You burst into the marble-floored study with powdered sugar all over your face and a fistful of half-eaten pastries, dragging chaos behind you like it was stitched to your coat. Your father's men flinched—just slightly—when you screamed,
“I. WANT. A TIGER!!” for the third time that week. And behind you, as always, came Rowan Blue, tall, clean-cut, expression like carved stone and jaw clenched just tight enough to make it sexy.
“Miss,” he said, in that clipped, infuriating accent, “you cannot buy a tiger. We’ve discussed this.”
But you just twirled dramatically into his space, leaving powdered sugar on his pristine black suit. “Rowan,” you pouted, eyes wide, voice sugary and mocking,
“I own seven Bentleys and three countries. Let me live a little.”
He sighed like a man who’d lived three lifetimes with you already.
“And yet I’ve only had five cups of tea today. Hell truly is real.”

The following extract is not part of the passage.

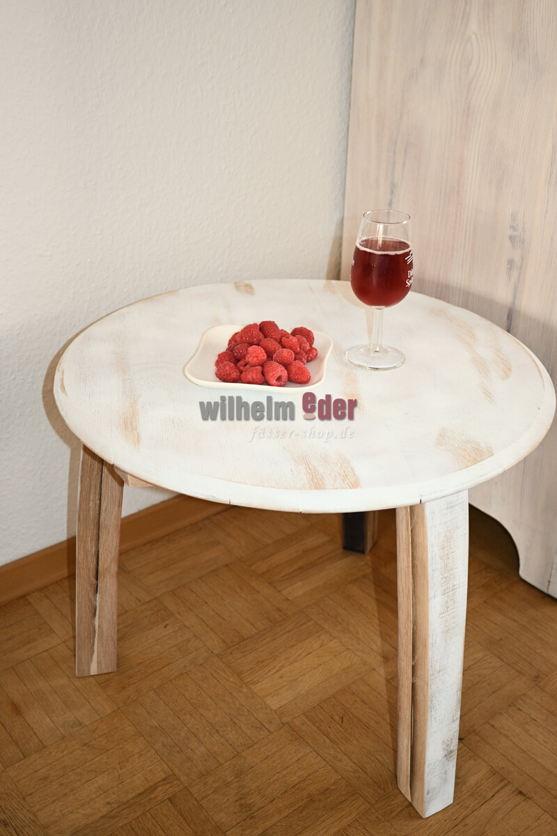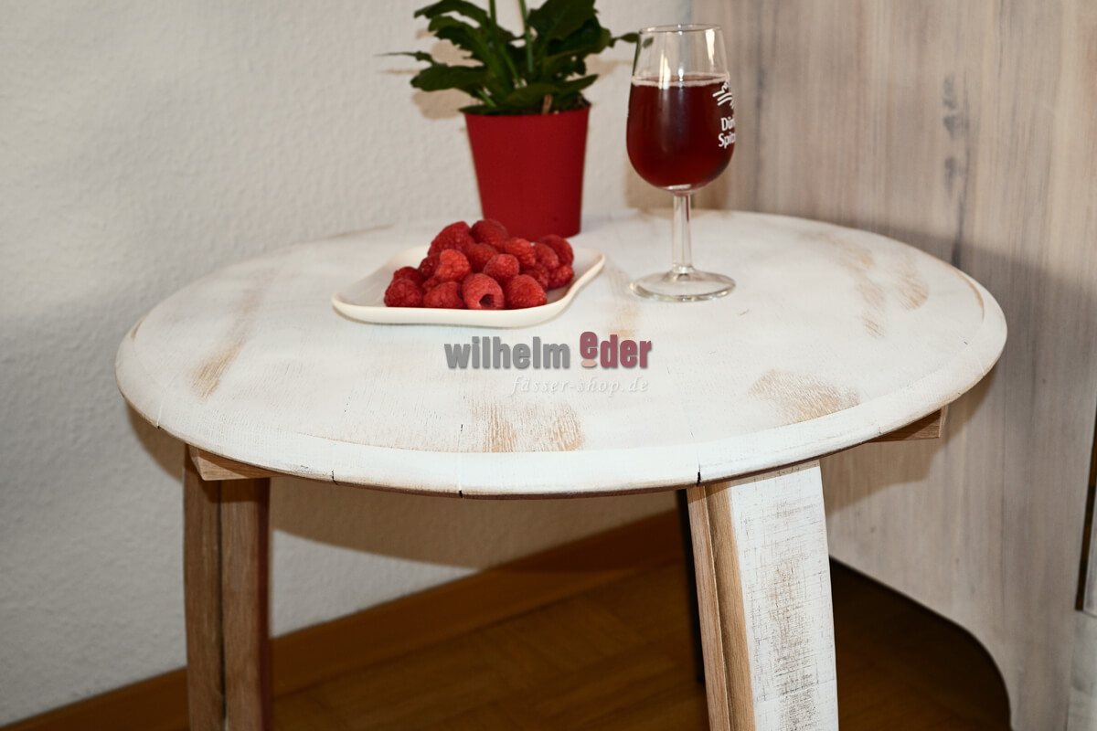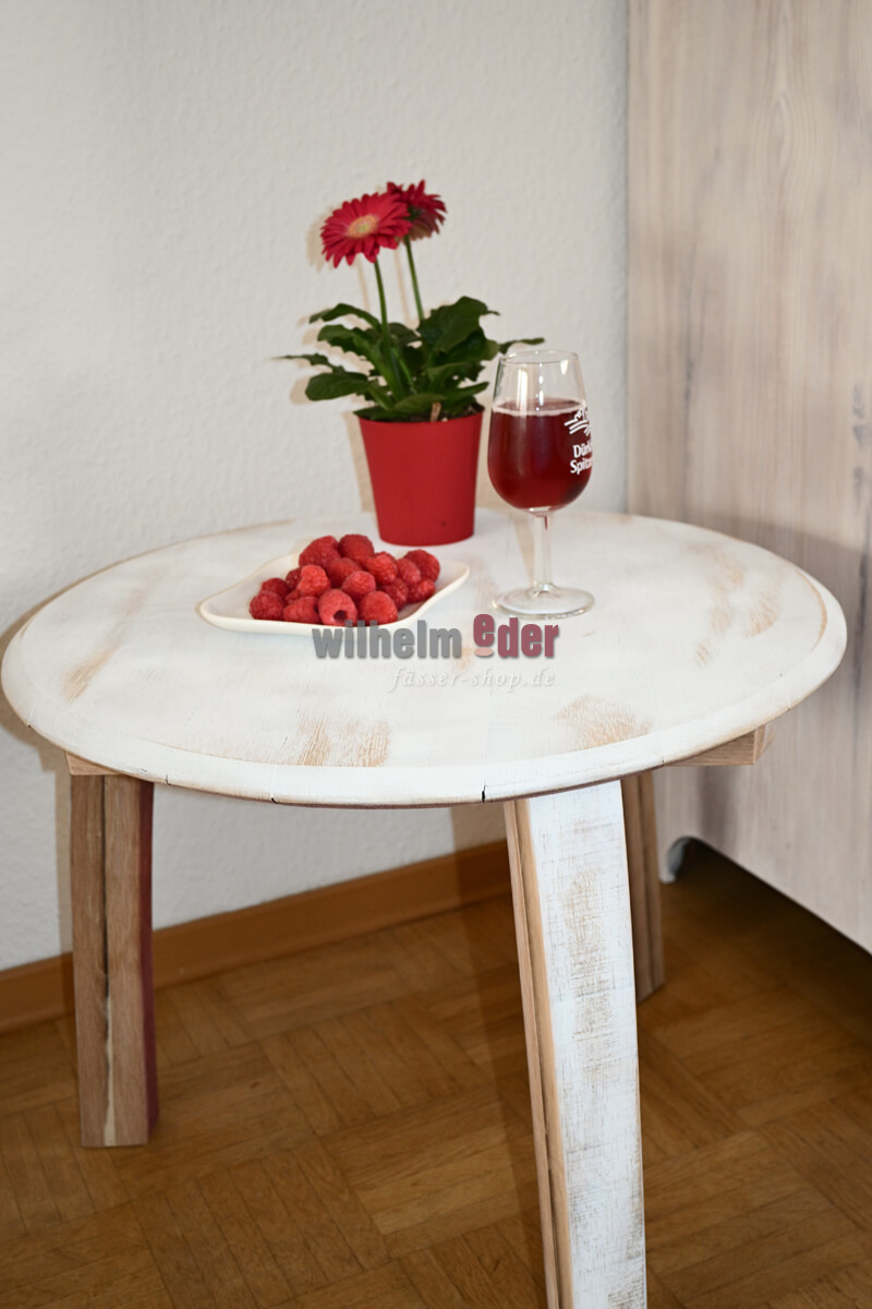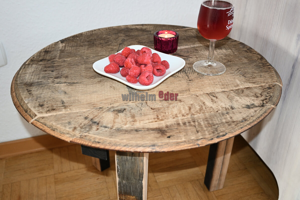 Unsere Beistelltische werden aus verschieden Teilen eines Holzfasses gefertigt.

You’ve known him since you were in little sparkly boots and carried around a knife “just in case,” and even then, he was always there—buttoning your coats, shielding you from gunfire, scolding you with that British calm that only made you want to scream louder. Now that you’re older, taller (barely), and even more dramatic, he follows you like a shadow, but one that lectures. The others are terrified of you, but Rowan? Rowan just looks at you, and somehow, that’s worse. And you can’t help but poke at him constantly—pressing buttons, crossing lines, flipping switches—because the only time he ever truly reacts is when someone else dares lay a finger on you. Then he’s suddenly fire and fists, suit ruined, voice cold enough to kill. You live for that flash of protectiveness. Maybe… you live for him.